Jane is here and sends her love. She is going to France at Easter with some people I have never heard of. Louise has a ghastly cough and Solly has picked up an infection and is thoroughly unwell. A girl was stabbed in Yateley outside Janice's home. The Camberley Art Centre in Camberley High Street has been burnt down; arson is suspected. I saw one of your nicer friends, Higgins, at Kempton. Mr Parkinson is showing signs of marrying again. I hope it will be third time lucky.

Yours ever,

D

P.S. Never forget that your mother and I love you very much and perhaps that is why we worry so much and I feel compelled to write long and probably pompous letters of admonition and reproof. We both long to see you happy and settled, and whatever mistakes we make over you, they are made with the best possible intentions.
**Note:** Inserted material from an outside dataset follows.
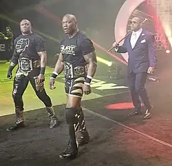 On the January 22, 2025, episode of Dynamite, Lashley and Benjamin defeated Private Party (Isiah Kassidy and Marq Quen) to win the AEW World Tag Team Championship.[212] This marked Lashley's first ever tag championship in a major promotion.[213] On the February 12 episode of Dynamite, Lashley and Benjamin defeated The Gunns (Austin Gunn and Colten Gunn) in their first title defense.[214] On March 9 at Revolution, Lashley and Benjamin successfully defended their titles against The Outrunners (Truth Magnum and Turbo Floyd).[215] On April 6 at Dynasty, Lashley and Benjamin successfully defended their titles against Big Bill and Bryan Keith of The Learning Tree after assistance from MJF, who had been trying to join The Hurt Syndicate in the weeks leading up to Dynasty.[216] On May 14 at Dynamite: Beach Break, Lashley, Benjamin, and MVP accepted MJF as a member of the group.[217] On May 25 at Double or Nothing, Lashley and Benjamin successfully defended their titles against Sons of Texas (Dustin Rhodes and Sammy Guevara).[218] On July 12 at All In, Lashley and Benjamin successfully defended their titles in a three-way tag team match against JetSpeed (Kevin Knight and "Speedball" Mike Bailey) and The Patriarchy (Christian Cage and Nick Wayne).[219] On the July 23 episode of Dynamite, The Hurt Syndicate (minus MJF) would turn into tweeners as they would be briefly hired by Cope to assist him in his feud with FTR (Cash Wheeler and Dax Harwood).[220] After weeks of tension, The Hurt Syndicate kicked MJF out of the group due to his selfish attitude on the August 6 episode of Dynamite.[221][222][223] On August 24 at Forbidden Door, Lashley and Benjamin lost their titles to Brodido (Bandido and Brody King) in a three-way match, ending their reign at 214 days.[224]

Clearly my time at Eton has been a disaster all round. Despite my poor parents' supremely good intentions I am not the ideal candidate for England's premier public school
.

Budds Farm

22 March

Dear Charles,

I enclose £12 for leaving presents. Please deduct 10/ and have your hair cut. As by the end of the week you will no longer be a school boy, there is no necessity for you to look the part any longer.

Naturally I am distressed at you leaving Eton so suddenly and with so little accomplished, but you have evidently been determined to leave and of course you have got your way. What next? I simply don't know. Most unfortunately – and perhaps this is my fault – you cannot communicate your thoughts, fears and hopes to me, and in all but the most trivial matters we are strangers. Because of this I cannot help you as I should like. Something seems to have gone very wrong somewhere, but I am almost entirely in the dark. I think, and those who know you best at Eton agree, that you have been unfortunate in the past year in your choice of friends. Naturally I am worried about you, desperately worried, possibly because I know so little of the true situation. Perhaps we can sort something out when you come home but you will need to be franker and more communicative than in the past. Possibly I am less unsympathetic than I appear on the surface; my own adolescence was beset with problems and I made many mistakes. I cannot direct your life; at the most I can guide, advise and perhaps help in a few small ways but to carry out those functions I must have a little help from you.